Algae Fuel Cost and Production Breakthroughs


Algae Ventures claims to have a method of lowering the cost for harvesting, dewatering, and drying algae by Over 99.75%.

Patent documents have been filed and an operational prototype unit has been demonstrated to collaborators who have participated in research and commercialization proposals.

Prototype and laboratory testing has successfully been achieved with three species attempted including Chlorella vulgaris, Euglena gracilis, and Botryococcus braunii. The company plans to continue development on the process, equipment, and technology and is looking to establish relationships with potential customers, licensees, distributors, as well as funding or investing sources.

The best way to describe our breakthrough technology in algae harvesting, dewatering,
and drying is a model of nature’s liquid moving strategies in organisms. No biological system has anything even remotely close to a functioning centrifuge. For that matter we found it difficult to find flocculation or flotation occurring in a biological organism.

A centrifuge moves the entire mass of water and its contents in order to separate into fractions. This was also true of flocculation, flotation, and other methods to a certain degree because the focus was on moving the algae and not moving the water. A water molecule is 1/33,000 the size of a 10 micron algae. When differential pressure (even excessive gravitational pressure in the form of a water column) is moved to force algal mass and water through a screen, this energy compacts the algal mass into a form that blocks water and impacts algal mass into screen.

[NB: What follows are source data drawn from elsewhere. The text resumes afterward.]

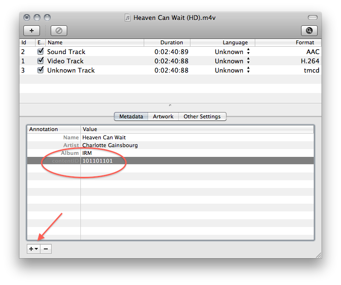 Troisième étape, ajouter — dans Metadata — un ContentID (via le + ) et lui donner une valeur numérique, au choix.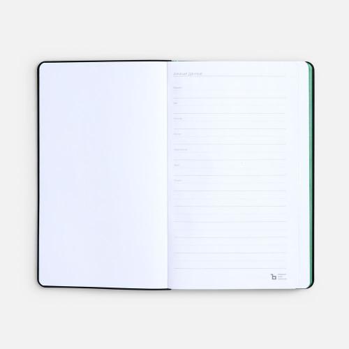 Ежедневник с гибкой обложкой выполнен из материала Nice Touch, черный АА и Soft Touch Ultra, зеленый FF, дополнен ляссе зеленого цвета.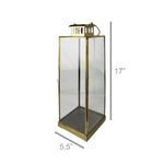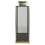 Crafted of brass and leaded glass this lantern is perfect for both casual and formal settings. Holds a 4" pillar candle and has a 3.75" handle for the option of hanging.

So using several of nature’s gifts to move the water molecules by changing the surface tension, adhesion, cohesion, taking advantage of the meniscus being formed, a capillary action from a compression pull (think artificial Transpirational) allowing absorption and next, use water’s surface area to mass to dramatically improve evaporation (think of a water based paint applied thin and how quick it dries).

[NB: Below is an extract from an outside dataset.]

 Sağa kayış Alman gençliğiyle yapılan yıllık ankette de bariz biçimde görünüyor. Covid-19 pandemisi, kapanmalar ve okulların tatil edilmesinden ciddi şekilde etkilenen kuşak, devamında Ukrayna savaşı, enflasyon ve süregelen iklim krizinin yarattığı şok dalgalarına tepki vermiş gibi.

Surface tension can be broken by hundreds of ways, however, a class of materials that
were patented several years ago has a combination of natural plus synthetic materials
called superabsorbent polymer (SAP) fabrics. It is these SAP fabric material types of we call our “cap belt” and they allow for simulating nature in multiple ways. These materials, when put into contact with the bottom of the screen (water meniscus), have the capability to move vast amounts of water without moving the algae because the molecular bonds from water to water are stronger then water to algae, as long as energy applied does not break water’s bonds to itself. The capillary effect and adhesion effect (once wetted, and rung) can be designed to be continuous, just like the screen can be designed to be continuous.

This continuous approach allows for a thin layer of algae to be continuously processed from in solution to dry flake in a distance of four feet at a scalable rate with scalable equipment. In our prototype equipment, the rate exceeds 500 liters per hour on less than 40 watts per hour of run time.

SEPARATE ALGAE FUEL PROCESS WORK

Bionavitas is another company making progress on algae fuel processes.


Bionavitas’ Light Immersion Technology greatly enhances algae growth by evenly distributing light deep into the algae culture.

. Before Bionavitas made its Light Immersion Technology available to the public, nearly every large scale approach to algae growth has been challenged by a simple fact of nature: as algae grow, they become so dense they block the light needed for continued growth.

This “self-shading” phenomenon results in a layer that limits the amount of algae per acre that can be grown and harvested. The Light Immersion Technology developed by Bionavitas fundamentally changes this equation by enabling the algae growth layer in open ponds to be up to a meter deep. This represents a 10 to 12 time increase in yield over previous methods that produced only 3-5 centimeters of growth.

At the core of Light Immersion Technology is an innovative approach at bringing light to the algae culture in both open ponds and closed bioreactors through a system of light rods which extend deep into the algae culture. By distributing light below the surface “shade” layer and releasing the light in controlled locations, algae cultures can grow denser. In external canal systems, the rods distribute light from the sun into the culture. This abundant and free energy source is ideal for generating large amounts of algae for use as biofuels.

In closed bioreactors, the rods evenly distribute more readily absorbed red and blue spectrum light from high efficiency LEDs. While the LEDs increase the cost of production, algae grown in these systems are used for higher value markets such as nutraceuticals.